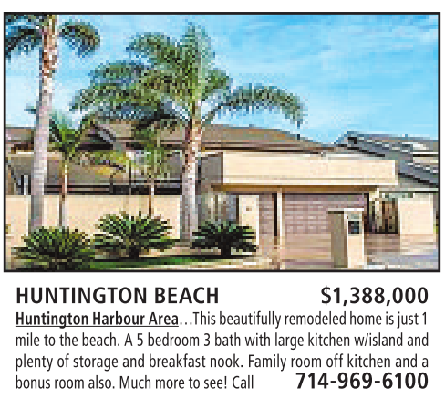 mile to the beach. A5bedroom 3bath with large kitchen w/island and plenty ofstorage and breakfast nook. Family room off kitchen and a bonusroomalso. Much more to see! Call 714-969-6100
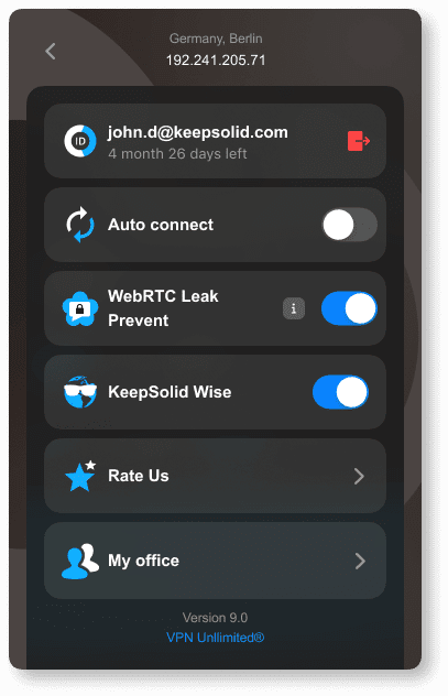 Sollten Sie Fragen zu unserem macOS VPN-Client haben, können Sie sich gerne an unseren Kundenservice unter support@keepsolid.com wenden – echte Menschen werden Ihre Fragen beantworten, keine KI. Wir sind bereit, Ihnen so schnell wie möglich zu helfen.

::::::::

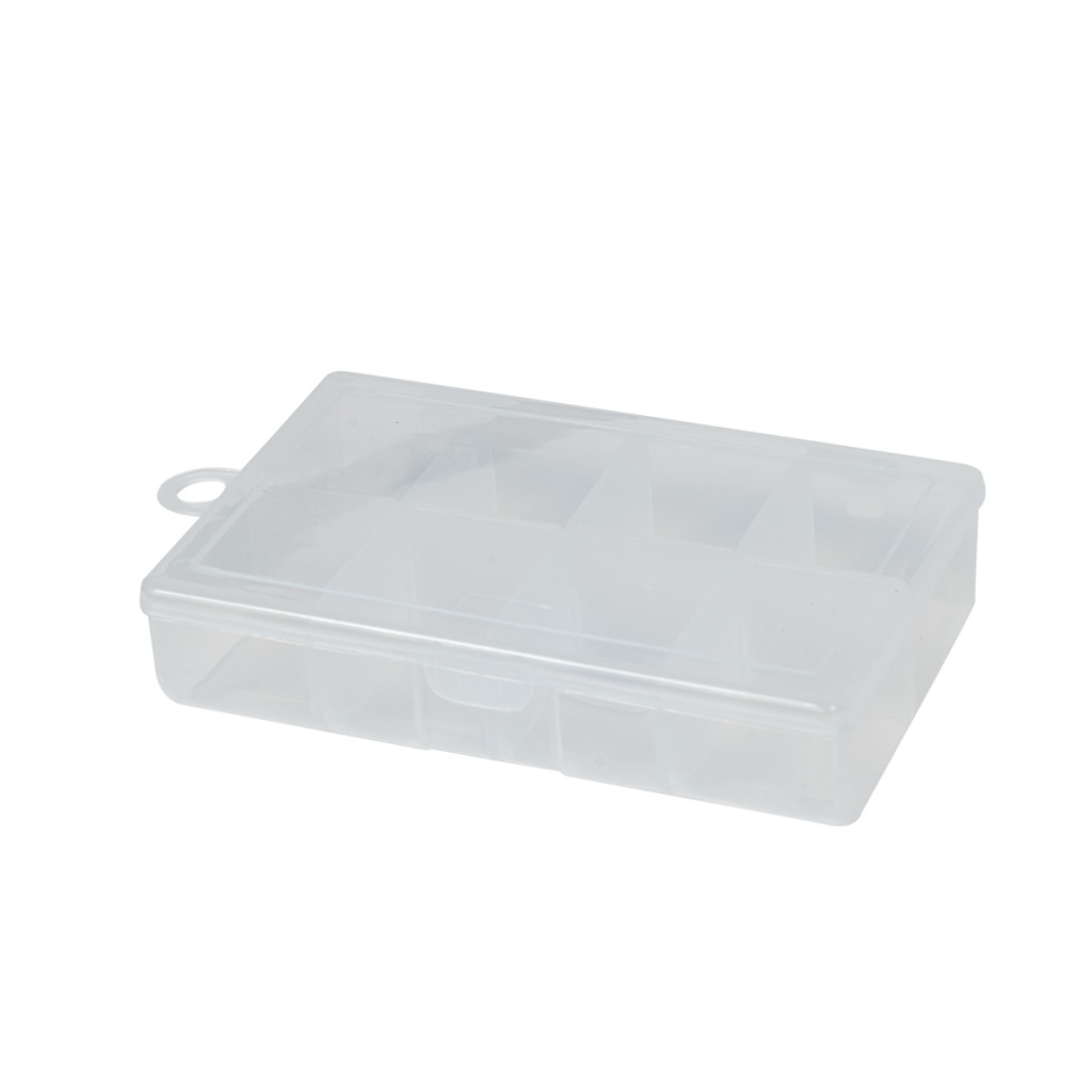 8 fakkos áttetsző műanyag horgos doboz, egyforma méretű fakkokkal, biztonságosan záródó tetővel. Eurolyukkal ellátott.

::::::::

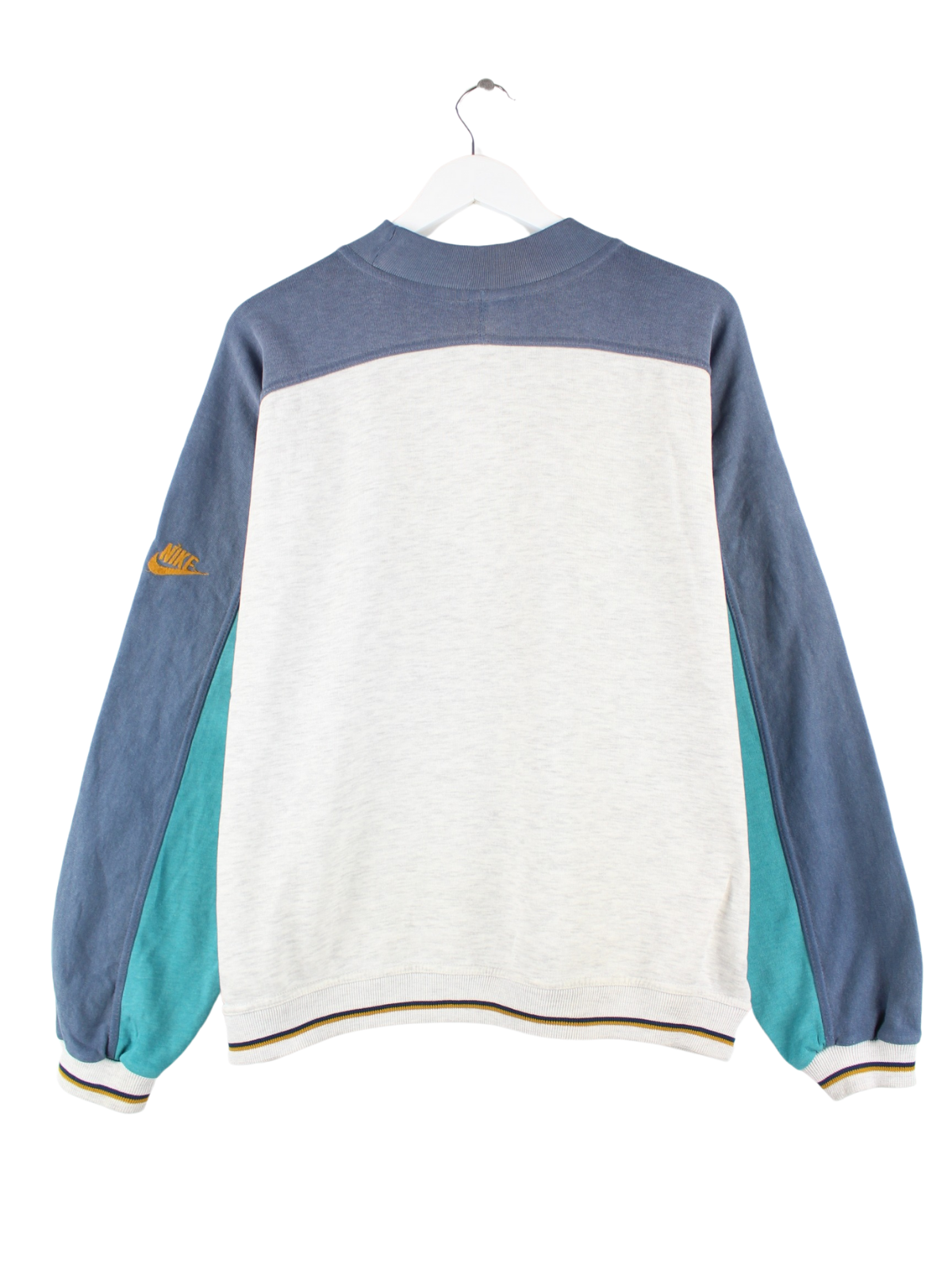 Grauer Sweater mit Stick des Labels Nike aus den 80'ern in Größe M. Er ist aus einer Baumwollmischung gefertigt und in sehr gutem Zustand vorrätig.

::::::::

Only the lines above from the one containing "mile to the" through the one containing "Sollten Sie Fragen" should be returned, verbatim and inclusive, with pictures excluded.

 mile to the beach. A5bedroom 3bath with large kitchen w/island and plenty ofstorage and breakfast nook. Family room off kitchen and a bonusroomalso. Much more to see! Call 714-969-6100
 Sollten Sie Fragen zu unserem macOS VPN-Client haben, können Sie sich gerne an unseren Kundenservice unter support@keepsolid.com wenden – echte Menschen werden Ihre Fragen beantworten, keine KI. Wir sind bereit, Ihnen so schnell wie möglich zu helfen.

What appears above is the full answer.